RESEARCH ON STATIC MECHANICAL PROPERTIES AND MICROSTRUCTURE OF COMPOSITE RUBBER CEMENT MORTAR BASED ON ORTHOGONAL EXPERIMENTS

Abstract

An L16 (4×4) orthogonal experiment was conducted to investigate the effect of rubber particle size, rubber content, fly ash content, and silica fume content on the fluidity and mechanical properties of composite rubber mortar, and the corresponding mechanisms were explored. The results indicated that silica fume exhibited the dominant influence on the fluidity of composite rubber mortar, while the rubber content demonstrated the most significant impact on the compressive strength, flexural strength, and flexural-compression ratio of rubber mortar.
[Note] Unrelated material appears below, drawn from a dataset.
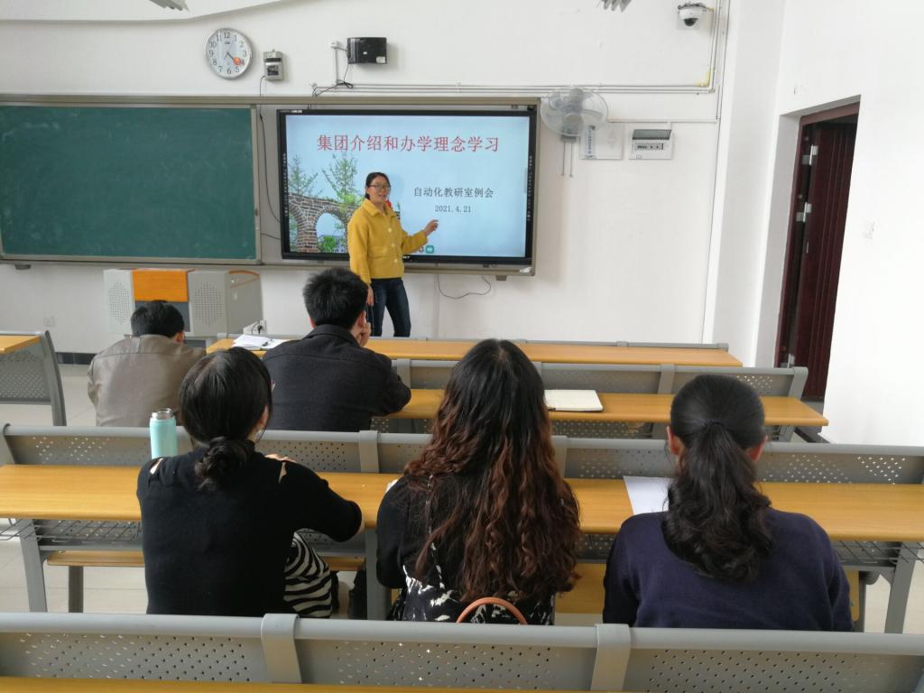 电气工程教研室以讨论的方式深入学习集团介绍和办学理念,其中杨佳义老师讲道:“应努力培养学生的专业自信心、学校自信心,要让学生知道我们是信息产业的人才培养的摇篮。”陈龙灿老师在交流中谈道,我们要鼓励学生参加课程设计、学科竞赛,引导学生探寻兴趣区域,区别其他重理论的大学。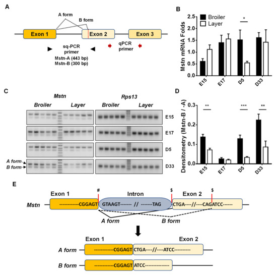 Comparisons of the expression levels of myostatin (Mstn) isoforms in broiler and layer chickens. (A). The schematic diagram shows the location of specific primer sets for qPCR and sqPCR of the chicken Mstn gene. (B). Quantitative analysis of the Mstn expression levels during development by qPCR (n = 5). (C,D). Gel electrophoresis of sqPCR products of Mstn and densitometry analyses. sqPCR products were separated by gel electrophoresis and the densitometry analyses (ratios of Mstn-B form to Mstn-A form) were performed using NIH ImageJ software. Rps13 was used as an internal control for qPCR and sqPCR. The multiple t-test was used for statistical analysis of the broiler and layer chickens by the Graphpad PRISM 6.02 program. The values presented are means ± SEM (n = 5). *: p < 0.05, **: p < 0.01 and ***: p < 0.001. Abbreviations: E, embryonic day; D, postnatal day. (E). Alternative splicing (AS) events of Mstn and sequences of splicing junctions. #: alternative 5′ splice site, $: alternative 3′ splice site.

As the curing age increased, the reinforcing effect of fly ash and silica fume on the compressive and flexural strength of composite rubber mortar became more pronounced, indicating that an appropriate amount of fly ash and silica fume exerted a positive synergistic effect on the mechanical strength of composite rubber mortar. Furthermore, both fly ash and silica fume can improve the weak interfacial transition zone (ITZ) caused by rubber incorporation. This improvement leads to a denser pore structure in the composite rubber mortar. As a result, the enhanced mechanical properties significantly reduce the strength loss induced by rubber. Through orthogonal experimental analysis, the optimal combination A1B1C4D2 was identified, corresponding to a rubber particle size of 150 mesh, rubber content of 5%, fly ash content of 20%, and silica fume content of 5%. This specific formulation demonstrated the most favorable comprehensive performance characteristics for the composite rubberized mortar.